History of dentistry – Oral disease has been a problem for humans from the beginning of history. Skulls of CroMagnon peoples, who inhabited the earth 25,000 years ago, show evidence of tooth decay.
The earliest recorded reference to oral disease in history of dentistry is from an ancient (5000 B.C.) Sumerian text that describes, “tooth worms” as a cause of dental decay. There is historical evidence that the Chinese used acupuncture around 2700 B.C. to treat pain associated with tooth decay.
The history of dentistry dates back thousands of years to ancient civilizations. Evidence of this history is available through archeological excavations. Archeologists have been able to date dentistry as far back as 3000 B .C. One example of history of dentistry is found in human skulls which include various forms of tooth replacement as well as other dental procedures.
In addition to actual remains, scientists have discovered dental tools such as forceps and dental picks. It is interesting when we realize that many of the designs of these ancient artifacts are utilized in the instruments today. In many civilizations such as those of the Chinese, the Egyptians, and the Greeks, there were designated healers who experimented in the treatment of dental ailments.
The ancient Roman civilization is an excellent source for information relating to the lifestyles of ancient times. We are fortunate to benefit from the writings of Roman scientists and scholars, as it is from these works that we are able to learn from this civilization. There was a scholar who lived about A.D. 30 named Celsus. He created a medical documentation called On Medicine, which is considered to be one of the best medical works of his time.

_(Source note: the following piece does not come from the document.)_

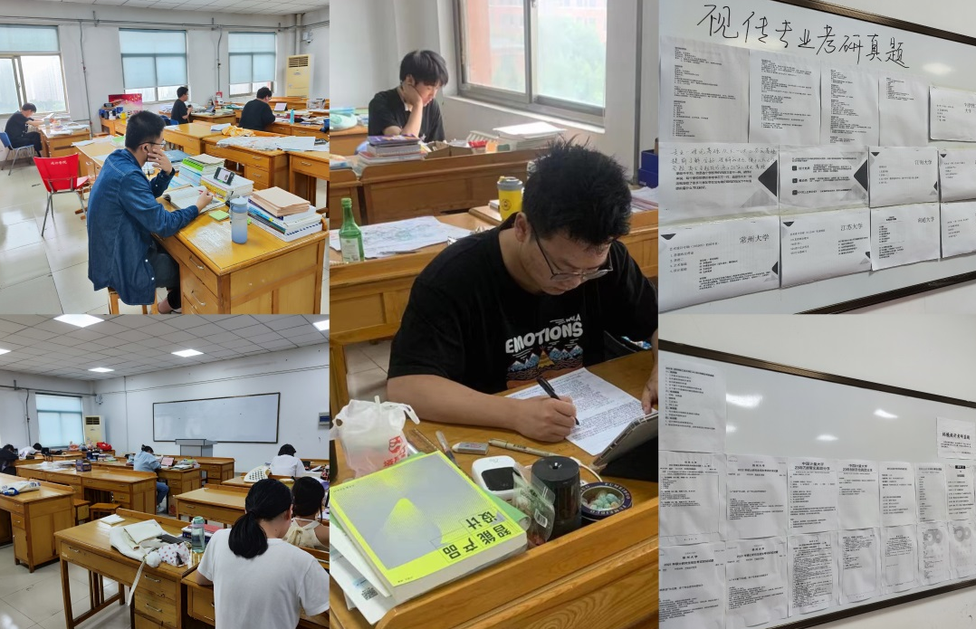 在暑期,有的学生留校复习、有的学生在家复习,留校生每天早早来到考研自习室看书、刷题,除了吃饭睡觉,所有的时间都在自习室中,考研组老师在考研自习室粘贴了多所院校考研真题,供学生参考学习,营造良好学习氛围。

It is interesting to note that although his work has served as one of the first medical texts, Celsus was not a physician. Celsus wrote in his book on several areas of history of dentistry. One subject of interest to him was in the induction of sleep for patients who suffered from toothaches.
He also wrote quite a bit on the treatment to aid in the resolution of pain from dental abscesses. The writing of Celsus also contained documentation regarding the first recognized cases of orthodontic treatment in history of dentistry. This was accomplished through the use of appliances and finger pressure.
Arabian physicians attached great importance to clean teeth. They described various procedures to “scrape” the teeth and designed sets of specialized instruments to accomplish that task. The Arabians in history of dentistry used a “toothbrush,” a small polishing stick that was beaten and softened at one end, applied mouthwashes and dentifrice powders.